The data inspection shows the first 3 text elements from the essay written a Russian learner of English to provide an idea of what the data look like.
Now that we have loaded some data, we can go ahead and extract information from the texts and process the data to analyze differences between L1 speakers and learners of English.
Concordancing refers to the extraction of words or phrases from a given text or texts (Lindquist 2009). Commonly, concordances are displayed in the form of key-word in contexts (KWIC) where the search term is shown with some preceding and following context. Thus, such displays are referred to as key word in context concordances. A more elaborate tutorial on how to perform concordancing with R is available here.

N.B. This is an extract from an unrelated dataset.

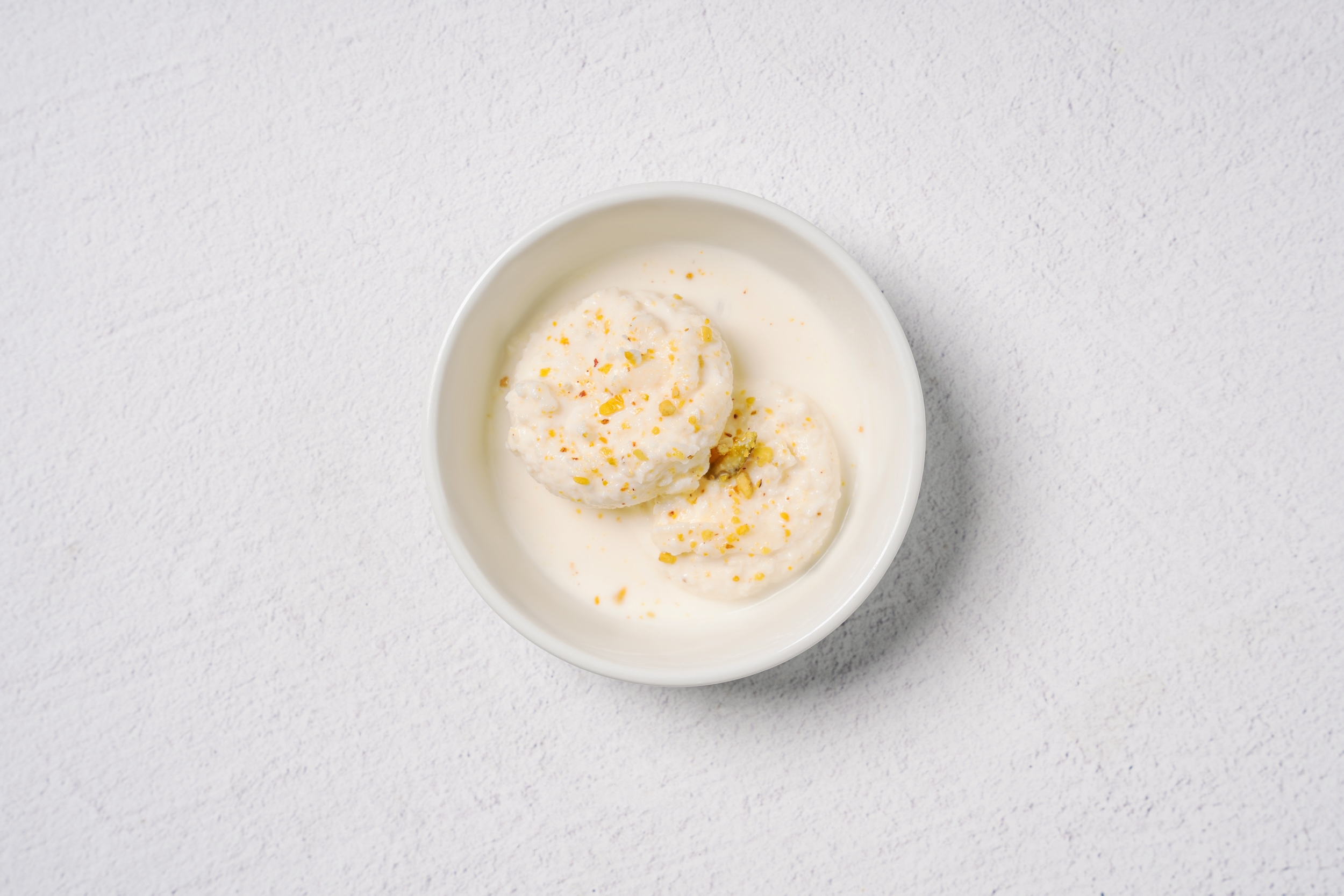 Fresh cheese patties served cold in sweetened milk.

Concordancing is helpful for seeing how a given term or phrased is used in the data, for inspecting how often a given word occurs in a text or a collection of texts, for extracting examples, and it also represents a basic procedure, and often the first step, in more sophisticated analyses.
We begin by creating KWIC displays of the term problem as
shown below. To extract the kwic concordances, we use the
kwic
function from the quanteda
package (cf. Benoit et al.
2018).
# combine data from l1 speakers
l1 <- c(ns1, ns2)
# combine data from learners
learner <- c(de, es, fr, it, pl, ru)
# extract kwic for term "problem" in learner data
quanteda::kwic(quanteda::tokens(learner), # the data in which to search
pattern = "problem.*", # the pattern to look for
valuetype = "regex", # look for exact matches or patterns
window = 10) %>% # how much context to display (in elements)
# convert to table (called data.frame in R)
as.data.frame() %>%
# remove superfluous columns
dplyr::select(-to, -from, -pattern) -> kwic
# inspect
head(kwic)
## docname pre keyword
## 1 text12 Many of the drug addits have legal problems
## 2 text12 countries , like Spain , illegal . They have social problems
## 3 text30 In our society there is a growing concern about the problem
## 4 text33 that once the availability of guns has been removed the problem
## 5 text33 honest way and remove any causes that could worsen a problem
## 6 text34 violence in our society . In order to analise the problem
## post
## 1 because they steal money for buying the drug that is
## 2 too because people are afraid of them and the drug
## 3 of violent crime . In fact , particular attention is
## 4 of violence simply vanishes , but in this caotic situation
## 5 which is already particularly serious .
## 6 in its complexity and allow people to live in a
The output shows that the term problem occurs six times in the learner data.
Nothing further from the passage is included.